**Supplied entries:**
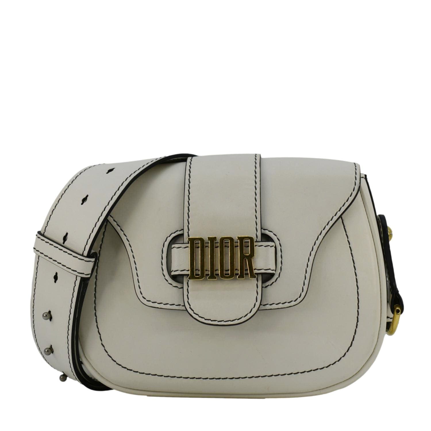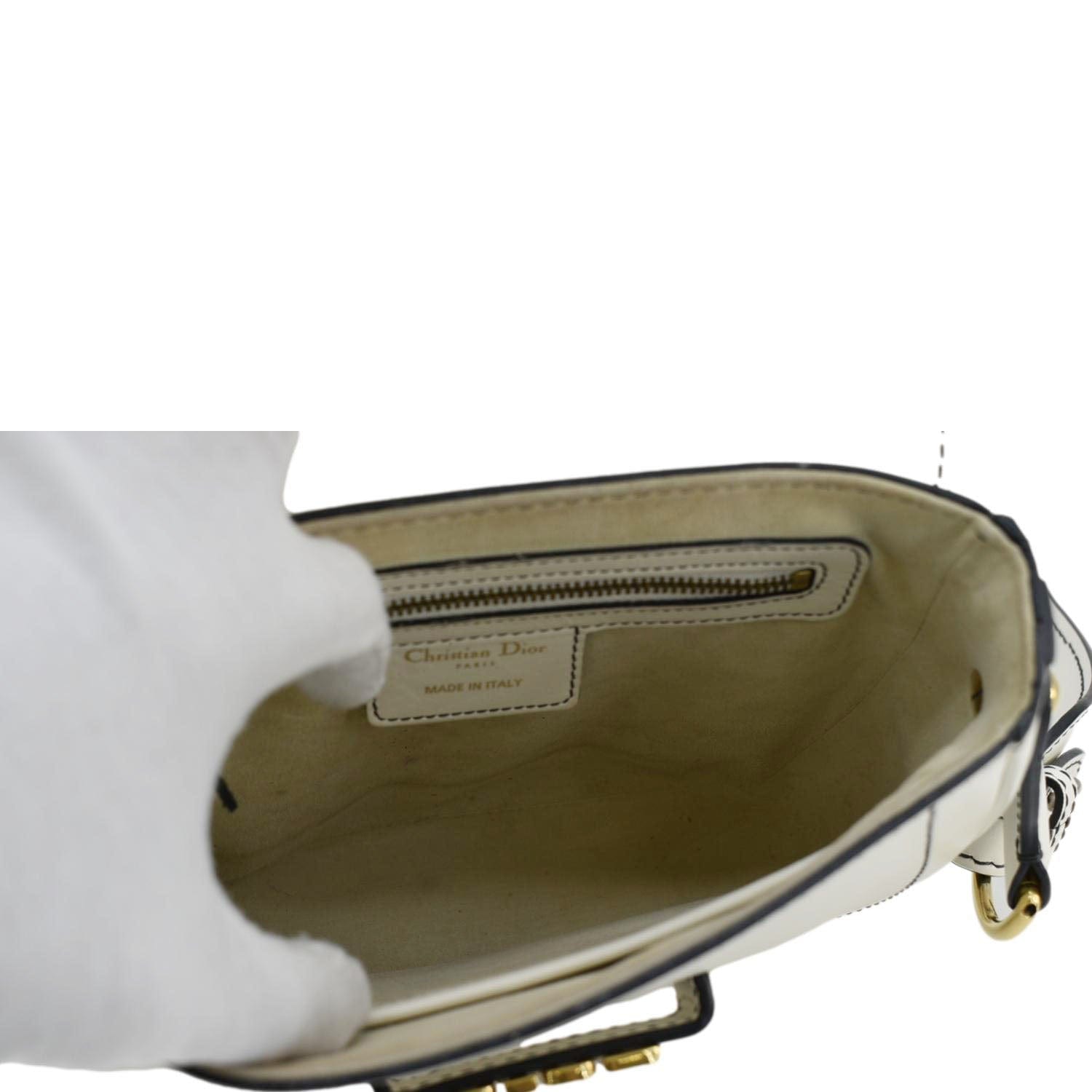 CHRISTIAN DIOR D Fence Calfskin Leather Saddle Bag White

---

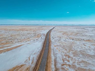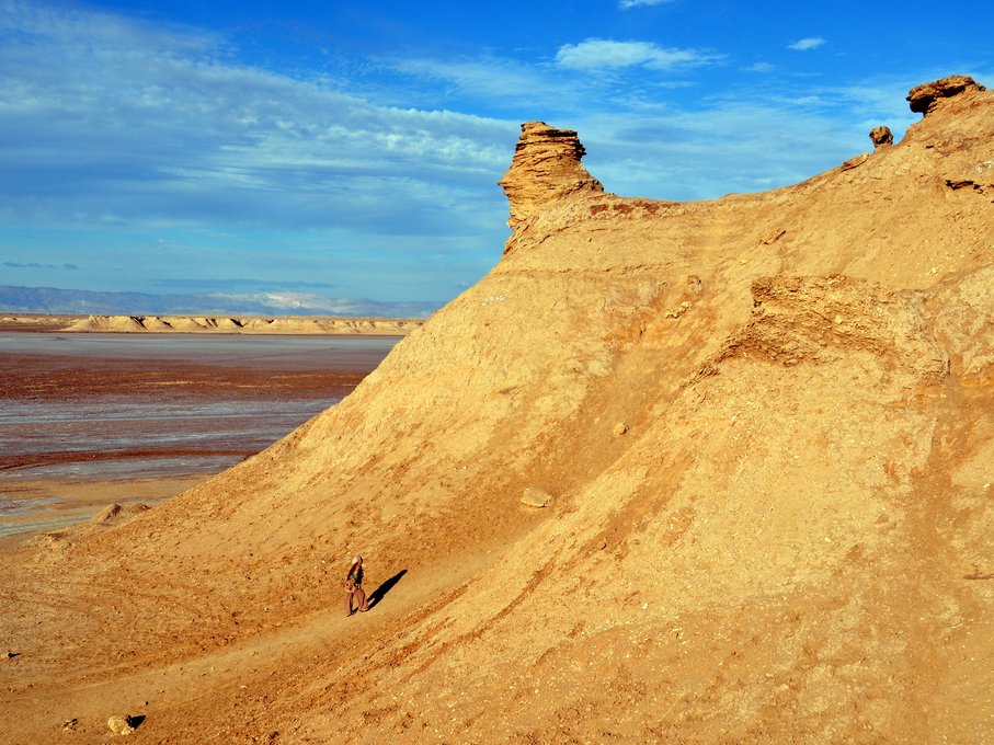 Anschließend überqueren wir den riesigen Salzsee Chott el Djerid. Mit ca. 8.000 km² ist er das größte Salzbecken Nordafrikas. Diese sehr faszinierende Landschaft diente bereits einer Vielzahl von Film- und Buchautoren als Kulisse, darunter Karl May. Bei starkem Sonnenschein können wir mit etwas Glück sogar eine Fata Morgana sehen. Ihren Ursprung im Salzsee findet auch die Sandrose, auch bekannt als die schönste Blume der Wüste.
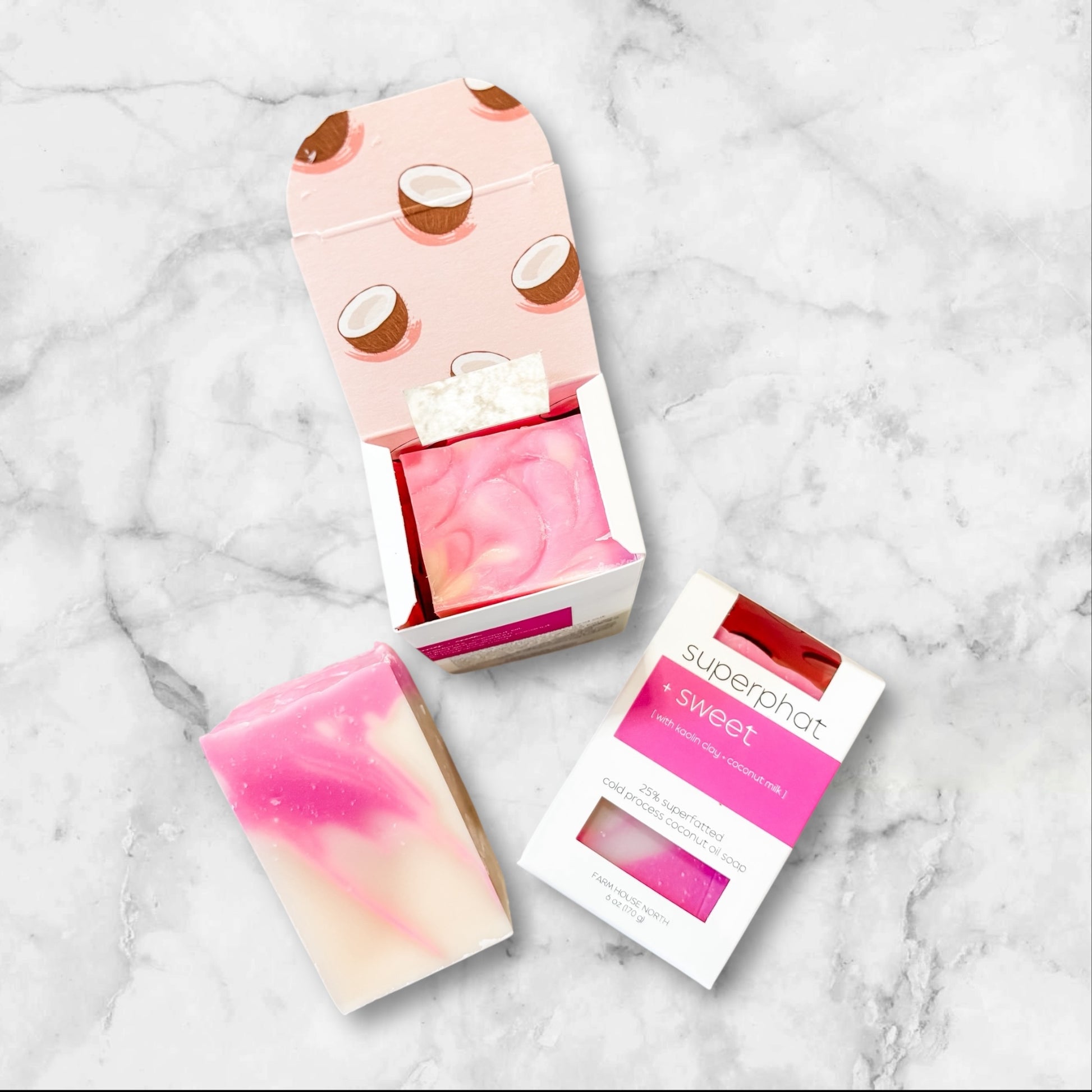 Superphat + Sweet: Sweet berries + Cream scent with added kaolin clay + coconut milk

**Required action:** Within the listing above, copy exactly the lines that start at the one with "Anschließend überqueren wir" and continue through the one with "Superphat + Sweet: Sweet". Omit pictures.

**Completed task:**
 Anschließend überqueren wir den riesigen Salzsee Chott el Djerid. Mit ca. 8.000 km² ist er das größte Salzbecken Nordafrikas. Diese sehr faszinierende Landschaft diente bereits einer Vielzahl von Film- und Buchautoren als Kulisse, darunter Karl May. Bei starkem Sonnenschein können wir mit etwas Glück sogar eine Fata Morgana sehen. Ihren Ursprung im Salzsee findet auch die Sandrose, auch bekannt als die schönste Blume der Wüste.
 Superphat + Sweet: Sweet berries + Cream scent with added kaolin clay + coconut milk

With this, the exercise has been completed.